Listing candidate Air China, the country's largest international carrier,
said yesterday that the recent huge trading losses by China Aviation Oil (CAO),
Singapore will not affect the supply of aviation fuel on the mainland, China
Daily reported Friday.
"The problem of CAO Singapore is an individual case, which will not impose
any impact on the supply mechanism or price level of jet fuel to China's
aviation industry," Li Jiaxiang, chairman of Air China, said at a video
conference in Hong Kong yesterday.
CAO Singapore, which has a near monopoly on importing jet fuel into the
mainland, has suffered from an estimated trading loss of US$550 million in the
oil derivatives market partly due to soaring international oil prices this year.
Li revealed that China Aviation Oil Holdings, which owns 60 per cent of CAO
Singapore, reached supply agreements with PetroChina and Sinopec recently in a
bid to make the jet fuel supply more flexible.
Air China, the last of the big three China airline groups to be listed, has
historically procured approximately 70 per cent and 30 per cent, respectively,
of its jet fuel requirements from domestic and international suppliers.
Fan Cheng, the company's executive director and chief financial officer, said
Air China has hedged between 22 per cent and 50 per cent of the jet fuel it used
since 2001 in a bid to reduce the impact of oil-price shock.
"We will continue to use various derivative transactions including swaps to
contain jet fuel costs in the future... We have noticed the international jet
fuel price has decreased recently, providing a favorable opportunity to
potential hedging activities," Fan said.
Fuel costs accounted for 24.3 per cent of Air China's operating costs last
year and rose to 28.1 per cent in the first half of the year. Its
fuel-derivatives gains stood at 76.6 million yuan (US$9.23 million) in the first
half of the year, compared with 788.4 million yuan (US$94.94 million) net profit
during the same period.
When asked the impact of potential revaluation of renminbi, Fan said that the
appreciation of yuan would help reduce the carrier's financial cost as the US
dollar-denominated debts accounted for a substantial high amount of its total
debt.
As of the end of September, Air China's US dollar-denominated debts accounted
for about 59 per cent of the company's total.

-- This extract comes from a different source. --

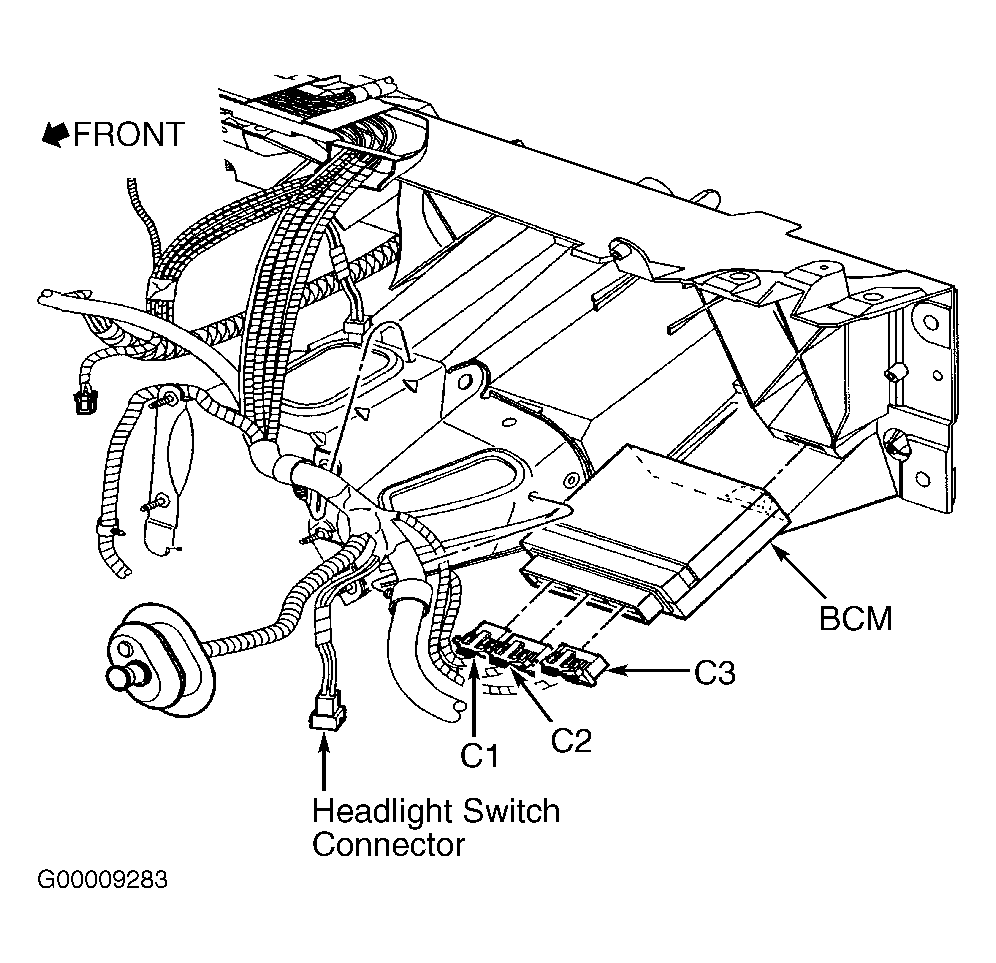10. Disconnect fused jumper wire. Turn ignition switch to OFF position. Disconnect BCM Pink, 24-pin connector C1. See Figure. Check for short or open in Light Green wire between splice pack SP205 harness connector terminal "M" and BCM Pink, 24-pin harness connector C1 terminal A5. See Fig 3. See appropriate wiring diagram in DATA LINK CONNECTORS article in WIRING DIAGRAMS. Repair as necessary and go to step  29. If wire is okay, go to step  27.

Air China is selling approximately 2,805 million shares at an indicated price
range of HK$2.35-HK$3.1 (30-39.7 US cents) in a Hong Kong and London listing.
The share offering opens for public subscription today, which accounts for 10
per cent of the US$1.1 billion. It is expected to set the share price on
December 9 and start trading on December 15.
Air China's London listing is the first by a Chinese company on the main
market in four years. It comes at a time when the United States has introduced
tough disclosure rules which are giving companies second thoughts about floating
in the States.
The company said it planned to use 4.8 billion yuan (US$578 million) from the
net proceeds of the global offering to acquire 10 Airbus 319 aircraft and four
Boeing 737-770 aircraft. The remaining proceeds will be used to repay debts that
will mature in one year and to supplement its cash flow.
Shares of Air China's rivals Southern Airlines rose 2.4 per cent to HK$3.20
(41 US cents) while those of Eastern Airlines rose 1.2 per cent to HK$1.75 (22.4
US cents) yesterday. Both shares soared more than 17 per cent in the past month.